I love whenever people have fun with fitness. I know we can sometimes appear we take fitness too seriously with DVRT, but we do like to have fun with actually educating people. So, when our DVRT instructors wanted to use December to be a fun excuse to talk about how we see deadlifts differently in DVRT, I was all for it.

The fact that we do look at strength so differently throws people for a loop.

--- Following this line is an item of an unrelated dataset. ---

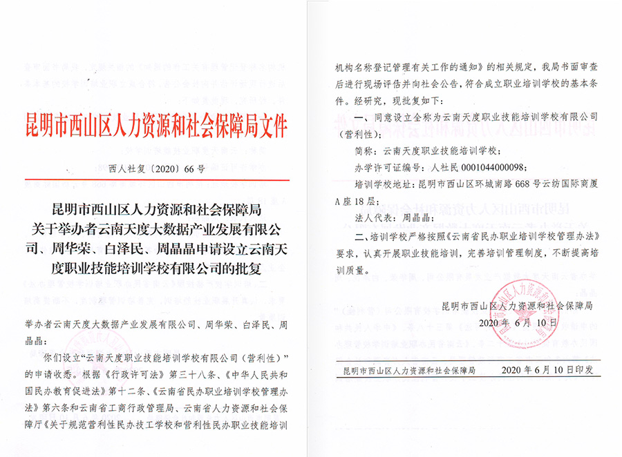 云南尊龙凯时职业技能培训学校获批成立,并取得《民办学校办学许可证》,免费电商培训、网络直播培训、企业职业技能提升培训等业务板块正式启动
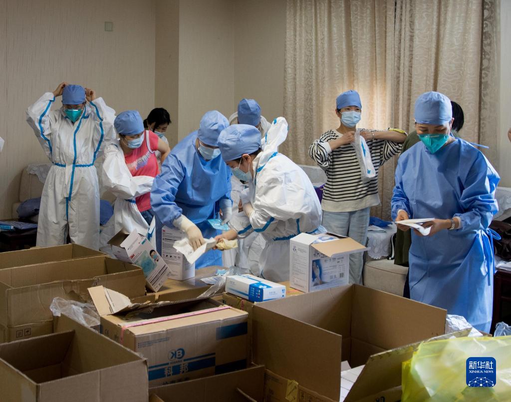 3月14日,香花桥街道社区卫生服务中心的医务人员在某高校开始穿着防护衣物,准备进行检测。

A lot of people say they believe in movement strength training, but it is often reflected in what they actually do. Especially when it comes to deadlifts. Sure, some people will go wide, they may elevate themselves, they may play with our Sprinter Stance, or even different tools, but they don’t really think about the system of how or why you use any of these different deadlifts.

First off, why do look at deadlifts so uniquely? Because we look at human motion in life and look at how exercises enhance it. While most look at individual muscles and HOPE they make us better in life, we do the opposite. Why not start with HOW we move and then make exercises to meet our movement and take some of the guesswork out of it?

One of the big things that makes us look at deadlifts differently is that people often think that the point of the exercise is to strengthen our body to lifts things off the ground. Sure, that could be, but when was the last time you tried to lift something 500 pounds off the ground, right?

The REAL point of deadlifts is to strengthen the chain of muscles that go from our feet all the way up our entire core. The same integration of muscles that help us walk, run, and move better in a variety of ways that look very little like deadlifts in the gym.

This even means teaching the glutes and core to work together to stabilize the body as we move through space. I know, that doesn’t sound like a PR social media moment, but it does start to change what we think deadlifts do and how we should approach them.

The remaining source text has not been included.